Our vectors were linearized through digestion by restriction enzymes and our inserts were PCR-generated.
Restriction enzyme-treated vectors can have 5´ overhangs, 3´ overhangs or blunt ends.

One of the unique features of this Assembly Master Mix is its ability to remove both 3´ and 5´ end flap sequences upon fragment assembly.

T5 Exonuclease removes the bases from the 5-prime end, generating a 3-prime overhang. After that, single-stranded 3-prime ends can anneal, the DNA polymerase fills in the occurring gap and DNA ligase joins the adjacent fragments.

In that way, the 3´- and 5´-end flap sequences occurring after a particular restriction enzyme digestion are removed. This allows fragments generated by restriction enzyme digestion to assemble while eliminating the remaining restriction site sequences on both the 5´ and 3´ ends in the fragment junction.

Primer Design

The first part of HiFi DNA Assembly is the Primer design. The basic rules we followed to design our primers are as follows:

The entire overlap sequence must originate from the vector sequence and must be added to primers that will be used to amplify the insert.
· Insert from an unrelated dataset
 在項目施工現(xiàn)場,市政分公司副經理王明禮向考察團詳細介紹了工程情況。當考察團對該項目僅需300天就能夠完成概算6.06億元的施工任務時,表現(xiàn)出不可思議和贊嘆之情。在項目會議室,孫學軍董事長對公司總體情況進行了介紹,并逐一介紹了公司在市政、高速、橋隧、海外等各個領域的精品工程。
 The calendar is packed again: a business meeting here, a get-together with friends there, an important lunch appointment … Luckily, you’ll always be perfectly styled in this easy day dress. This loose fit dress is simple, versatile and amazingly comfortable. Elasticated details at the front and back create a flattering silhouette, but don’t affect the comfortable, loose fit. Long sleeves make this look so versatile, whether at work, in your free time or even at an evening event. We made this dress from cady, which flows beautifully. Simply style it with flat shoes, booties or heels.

The overlap region of the forward primer for the gene of interest (orange) should line up with the 3´ end of the overhang on the vector’s left arm. This primer should also include a gene-specific sequence at its 3´-end (gray).
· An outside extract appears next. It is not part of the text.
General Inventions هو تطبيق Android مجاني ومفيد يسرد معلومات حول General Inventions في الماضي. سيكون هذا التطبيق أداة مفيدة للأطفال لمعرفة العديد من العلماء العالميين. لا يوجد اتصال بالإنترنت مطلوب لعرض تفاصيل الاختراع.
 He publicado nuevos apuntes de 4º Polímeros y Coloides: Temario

Primer design - HiFi DNA Assembly

IRIS’s chromosomal DNA is also synthetically engineered. Clonetegration is a commonly used method for editing bacterial chromosomal DNA and incorporating gene inserts into it.

Clonetegration is a two-plasmid system designed to integrate a gene into a specific site within the bacterial chromosome. This approach combines DNA Cloning/assembly and chromosomal integration into a single procedure.
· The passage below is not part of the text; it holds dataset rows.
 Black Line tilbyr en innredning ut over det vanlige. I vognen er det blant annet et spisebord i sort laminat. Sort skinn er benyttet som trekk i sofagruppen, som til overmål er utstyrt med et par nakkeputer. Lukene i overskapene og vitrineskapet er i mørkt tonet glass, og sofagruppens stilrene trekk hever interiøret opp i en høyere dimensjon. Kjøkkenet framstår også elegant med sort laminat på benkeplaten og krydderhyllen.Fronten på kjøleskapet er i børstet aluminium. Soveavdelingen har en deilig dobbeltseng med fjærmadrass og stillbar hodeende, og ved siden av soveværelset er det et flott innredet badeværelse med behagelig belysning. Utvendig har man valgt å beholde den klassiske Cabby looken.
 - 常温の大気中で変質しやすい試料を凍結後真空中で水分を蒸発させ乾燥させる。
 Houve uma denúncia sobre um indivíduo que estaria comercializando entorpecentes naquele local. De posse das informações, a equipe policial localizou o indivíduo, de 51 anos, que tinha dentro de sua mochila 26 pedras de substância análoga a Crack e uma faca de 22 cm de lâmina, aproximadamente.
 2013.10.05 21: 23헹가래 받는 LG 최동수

Clonetegration relies on bacteriophage-derived integrases, which are naturally involved in recombination processes between specific DNA sequences. These integrases typically mediate recombination between attB sequences in the bacterial chromosome and an attP sequence found on bacteriophage.

These attP sequences are incorporated into a plasmid, so they direct the integration of that plasmid into the chromosomal attB sequence. Clonetegration comprises two key plasmids:

OSIP plasmid
E-FLP plasmid

OSIP Plasmid:

OSIP is practically the plasmid responsible for the integration of the gene of interest in the bacterial chromosomal DNA. It is composed of two modules:

Integration/Propagation Module

This module includes the following components:

Site-specific Recombinase Gene: This gene is controlled by the lamda Cl ts repressor facilitating precise site-specific recombination between attP and attB sequences.

Attp Attachment Sequence: This sequence guides the integration of the plasmid into the bacterial chromosome

Antibiotic Selection Marker: The marker is essential for the selection of the transformed cells

R6Kγ Origin of Replication: This origin functions exclusively in strains that carry the pir gene. It permits the propagation of the plasmid in pir+ stains and allows the stable integration of the plasmid into the chromosome of the strain that lacks the pir gene.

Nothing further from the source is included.